Policymakers’ beliefs about the frequency of medical bankruptcies are based primarily on two highprofile articles that claim that medical events cause approximately 60% of all bankruptcies in the United States.1,2 In these studies, people who had gone bankrupt were asked whether they’d experienced health-related financial stress such as substantial medical bills or income loss due to illness. People were also asked whether they went bankrupt because of medical bills. People who reported any of these events were described as having experienced a medical bankruptcy. This approach assumes that whenever a person who reports having substantial medical bills experiences a bankruptcy, the bankruptcy was caused by the medical debt. The fact that, according to a 2014 report from the Consumer Financial Protection Bureau, about 20% of Americans have substantial medical debt, yet in a given year less than 1% of Americans file for personal bankruptcy, suggests that this assumption is problematic.  Clearly, many people face medical debt but do not go bankrupt.  Even after correction for overly broad definitions of “medical” expenses, 3 the existing, widely cited evidence on medical bankruptcy is built on the fallacy that when two things occur together there is necessarily a causal relationship between them.

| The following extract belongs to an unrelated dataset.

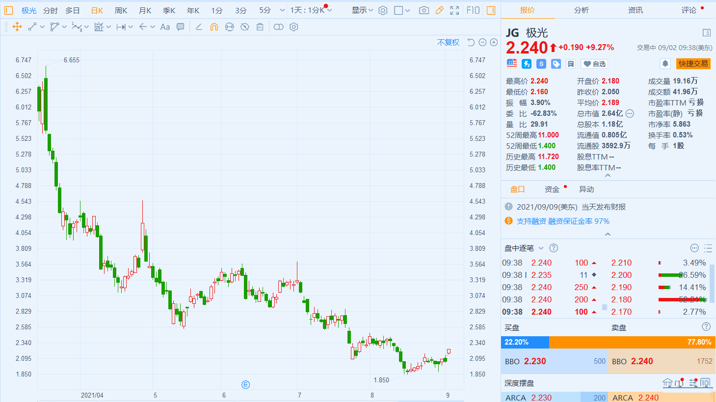 极光(JG.U)今日股价高开,现涨幅为9.27%,报2.24美元,最新总市值为2.64亿美元。 富时罗素指数公司宣布,确认将极光纳入富时全球股票指数-中国指数、微型盘股指数、完整全市场指数,从2021年9月17日收市后生效。市场人士认为,将进一步提升极光的资本市场知名度和影响力。
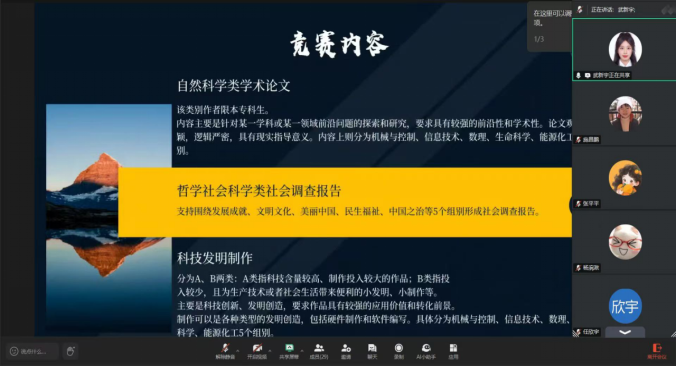 此次“挑战杯”全国大学生课外学术科技作品竞赛经验分享交流会深度聚焦赛制解析、选题攻坚、实践落地与答辩突围,从立项组队到成果转化,层层拆解备赛全流程,为参赛学子提供“从理论到实战”的精准指导。愿同学们以此次分享为基石,在“挑战杯”的赛场上披荆斩棘,用智慧与汗水镌刻青春的荣耀勋章!(每日大赛

To understand the problem, consider an analogous line of inquiry: suppose we want to know which factors increase a person’s chances of becoming a technology billionaire. Investigation of recent technology giants might suggest that dropping out of college is a high-return strategy (think: Bill Gates, Steve Jobs, and Mark Zuckerberg [dropping out of Harvard seems to have a particularly high payoff]). By examining only college dropouts who have already became technology billionaires rather than all college dropouts, this analysis misses the fact that most college dropouts do not go on to lucrative careers in the tech business. A similar problem pervades the current literature on medical bankruptcy. The studies mentioned above examine the experiences only of people who went bankrupt, but it is impossible to infer the role of medical expenses in causing bankruptcy without information on the proportion of the population with large medical expenses that did not go bankrupt.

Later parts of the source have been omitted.